Before working on this project I programmed all of my native apps for iOS in Xcode using Swift or Objective-C. I always viewed cross-platform tools suspiciously – in part believing they were a crux for developers who didn’t want to learn new languages and with an understanding that the cross-platform trade-off often comes at the cost of performance and native feel.
However, since this app needed to support both iOS and Android and required a complex offline-first data layer, I recognized early on that this project could be a good fit for React Native. The app was built with a local Realm database yet, due to a peculiar set of requirements, still required a custom client-side syncing implementation that kept local data, often generated offline, in sync across devices through a legacy rest API. As is often the case when building an offline first application, this meant a great deal of data logic was compiled into the client app. Using React Native allowed us to leverage a single implementation of this complex code base across platforms which was a significant saver of time and sanity.

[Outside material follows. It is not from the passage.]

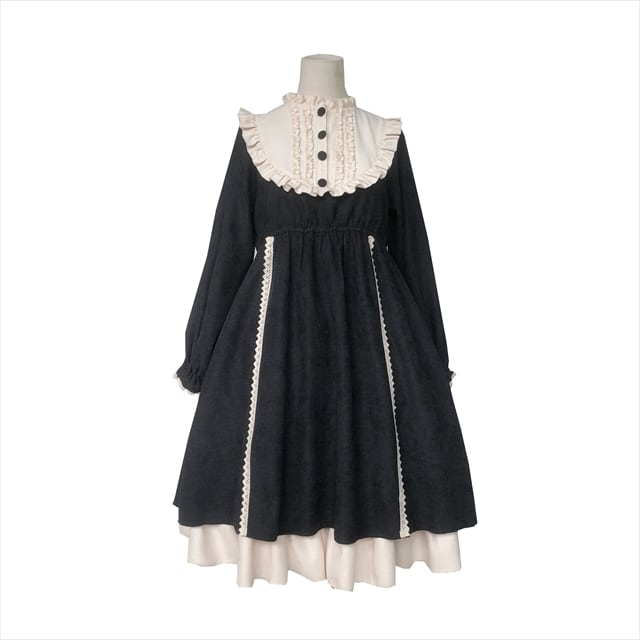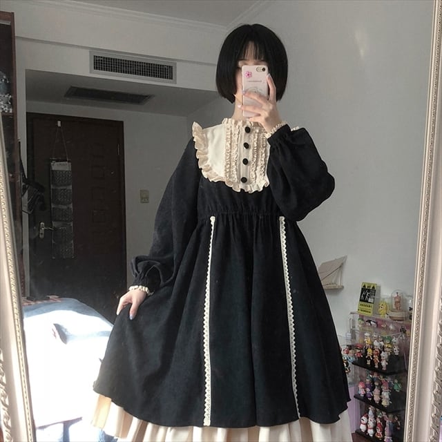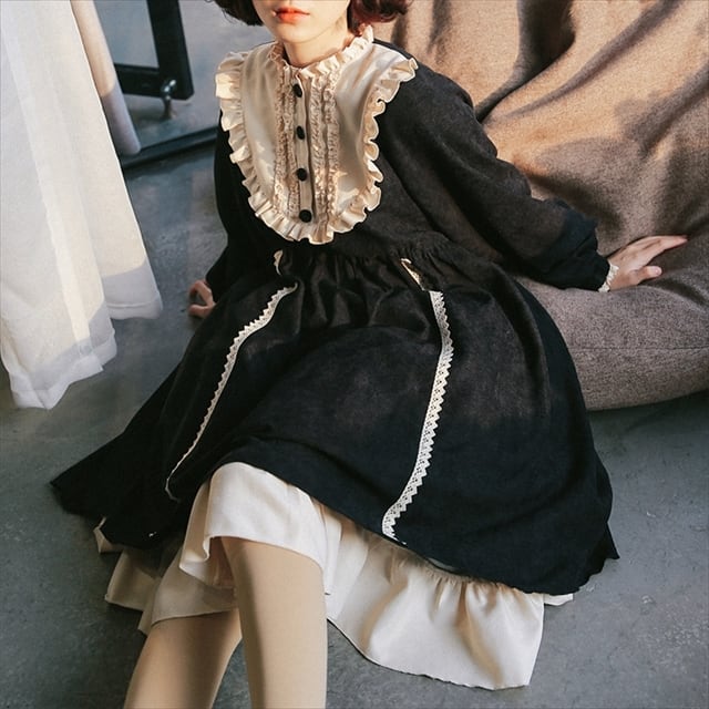 トラッドな印象のレトロなゴスロリワンピースです。レースの刺繍にふわっとしたスカートが病み可愛い。

Although the app shared almost all of its code between Android and iOS, the OCR feature was integrated with iOS only through a custom native bridge written in objective-c. Other than this and a few styling inconsistencies the Android version of the app performed as flawlessly as it’s iOS counterpart.
React Native is not without rough edges. Adding yet another layer to an already complex stack introduces more dependencies and a whole new source of bugs. But the trade-off of building a single app that is performant and easy to maintain is a good one, and I expect I’ll be turning to React Native again on future projects.